I wish to invite the river boards to use this Bill as an opportunity, not in the sense that has been suggested this afternoon—as a means of leaning upon the Ministry of Local Government and Planning or the Ministry of Agriculture—but to follow immediately on the work which the catchment boards have done; to free themselves with the least possible delay from the centralised administration of this Bill; and to set their standards and their bylaws as soon as practicable. I do not regard the Bill as a means for them to look to the central Government in order to carry out the work which this Bill gives to them, and to lean upon the Minister for the length of time which is embodied in the Bill—seven years. I regard that as much too long because, as I have indicated, a great deal of work has already been done in connection with the rivers of this country.

This Bill is an instrument for the halting of the pollution that is going on, of setting a limit to it and of bettering the condition of the rivers at time goes on. That work can begin immediately.
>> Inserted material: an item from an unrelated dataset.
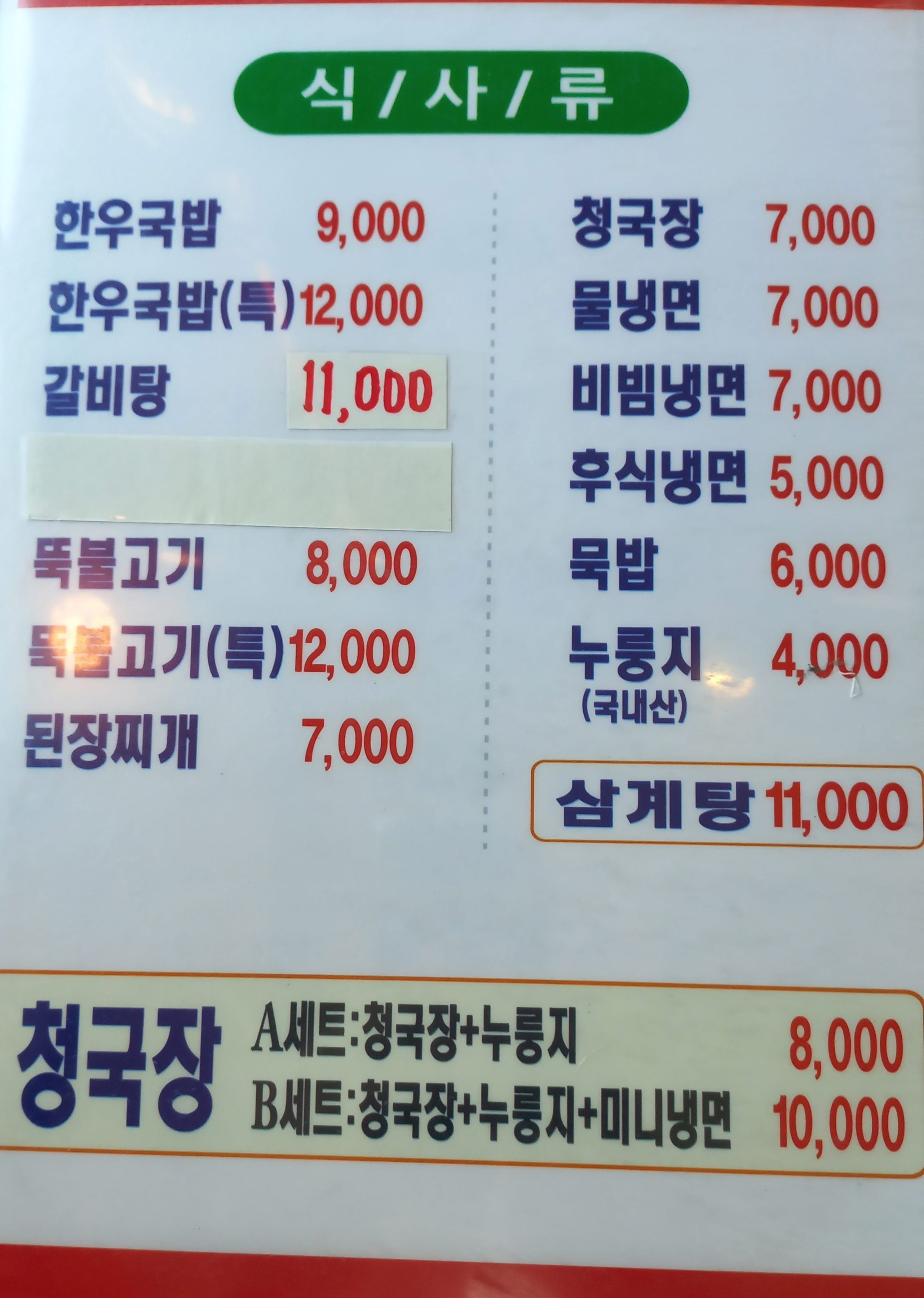정원갈비 메뉴

I do not regard that task as the responsibility and work of the Minister of Local Government and Planning or of the Minister of Agriculture, but as the job upon which the river boards can start immediately. It is their task, in my view, to start from the point at which pollution is least and work downwards to the estuaries of the various rivers, past the towns and cities which are the source of industrial and other pollution, setting their standard at the point at which pollution is least.

The work of deepening and dredging channels is not always of great help in dealing with the question of pollution. One finds a lovely stream, bright, fast and sparkling in its high reaches, and then, as it flows towards the estuary, the catchment board have the idea of deepening the channel. The result is to take the life and vitality and aeration out of the river, making it less lively and less able to deal with pollution. As aeration is taken out of the water the oxygen has less chance of attacking pollution.

I turn to the question of temperature. It is not always the case, in respect of electricity generating stations that there is only the alternative of cooling towers. Water can be circulated from the river throughout the generating system. After that water has flowed through the station, is it not possible, as has been done in some areas, to emit that heated circulation water from the outfall of the generating station, returning it to the river from a height at which it will not only cool over blocks of stone while falling to the river but will acquire a liveliness and oxygenation in its fall to the river which will be helpful to the river in its onward flow. In the smaller generating stations at least that is a practicable and effective way of returning circulating water to the river without the need to build great cooling towers which are enormously costly.

In giving a welcome to the Bill, and in complimenting all those who have been concerned in the Committee stage with its form as it now appears, I wish to differ from the point of view which has found expression today that there is a need to depend on the work of the Ministry. This is an opportunity and an instrument for the river boards. I hope that they will use it effectively in the service of the people of the country as a whole.

Question put, and agreed to.

Bill accordingly read the Third time, and passed.